After agreeing last month to pay a $275,000 arbitration settlement related to the actions of a rogue broker, Westminster Financial Securities is employing a unique legal strategy to renege on the award, according to the lawyer representing the 68-year-old client.
Adam Gana, partner at the law firm Gana Weinstein, filed a lawsuit Thursday in the U.S. District Court of Nevada claiming the Dayton, Ohio-based brokerage firm is in breach of the settlement agreement by saying it no longer plans to pay the award to Mary Krevosh. She was a client at Westminster for four years through June 2016.
In addition to the lawsuit, which includes email correspondence by representatives of Westminster agreeing to the settlement, Mr. Gana sent a letter to the Financial Industry Regulatory Authority Inc. requesting that Westminster be suspended for violating the settlement agreement.
According to the lawsuit, the award settlement was reached July 20, 11 days before a scheduled Finra arbitration hearing. With the settlement reached, Mr. Gana was moving forward to document the resolution by sending Finra a "letter of settlement in principal."
But, at the request of Westminster's attorney, Joseph Simms, the wording "in principal" was removed from the letter, which the suit claims removed the case from Finra's arbitration docket "in its entirety."
Mr. Simms, from the law firm Koehler Fitzgerald, declined to comment for this story, and the brokerage did not respond to a request for comment.
But, according to Mr. Gana, Westminster's legal representatives have told him they will not be honoring the agreed upon settlement award.

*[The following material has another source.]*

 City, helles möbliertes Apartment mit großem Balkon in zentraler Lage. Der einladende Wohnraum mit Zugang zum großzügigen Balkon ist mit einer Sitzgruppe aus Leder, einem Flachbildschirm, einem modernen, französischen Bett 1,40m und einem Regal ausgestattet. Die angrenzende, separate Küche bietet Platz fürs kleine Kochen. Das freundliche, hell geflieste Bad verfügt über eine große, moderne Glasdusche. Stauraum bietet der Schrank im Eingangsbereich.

Finra spokeswoman Michelle Ong would not comment on the specific case. Mr. Gana said there has only been a verbal claim by Westminster's lawyer suggesting the brokerage plans to renege on the payment. If there was a written document stating that the settlement agreement will not be honored, by rule, Finra could suspend the brokerage immediately.
The settlement agreement was designed to conclude an original claim by Ms. Krevosh from April 2017 regarding her experience working with Louis Telerico, the former Westminster broker who has had his license suspended for six months through December.

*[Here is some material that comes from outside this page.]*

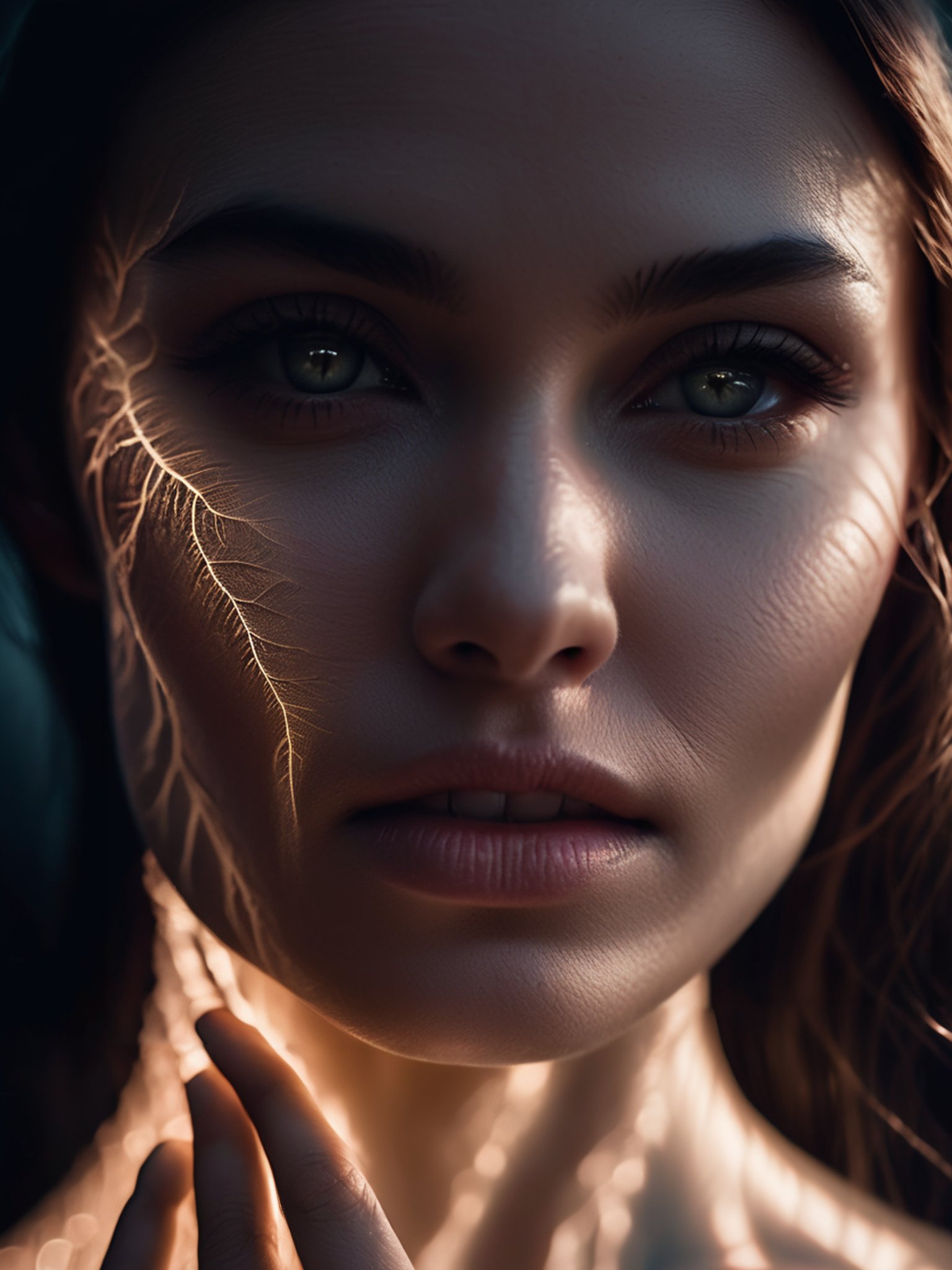 ((photorealistic)), picture of an ethereal woman, intricate details, textured translucence skin with veins like made of (glowing light:1.2), ((dark scene:1.4)), dynamic light, volumetric radiance, <lora:add-detail-xl:0.8> <lora:sdxl_photorealistic_slider_v1:1>, perfect eyes, <lora:PerfectEyesXL:1>, (cinematic, 8k)

Mr. Telerico could not be reached for comment.
According to Mr. Gana, Mr. Telerico misled and took advantage of Ms. Krevosh on numerous occasions.
"He recommended my client purchase a bronze bear for $200,000 from his own 95-year-old mother," Mr. Gana said of Mr. Telerico. "And my client never even got the bear."
Mr. Gana also claims Mr. Telerico convinced his client to purchase $219,000 in real estate from a business that was owned by the broker.
Ms. Krevosh also made about $50,000 worth of personal loans to Mr. Telerico, according to the complaint.
According to Finra's BrokerCheck, Mr. Telerico worked for seven different firms during a 46-year career.
He worked at Westminster Financial Services from 2012 through June 2016, when he was suspended by Finra.
From 1999 through 2016, Finra recorded 14 customer disputes involving Mr. Telerico. Twelve of those disputes were recorded prior to him joining Westminster.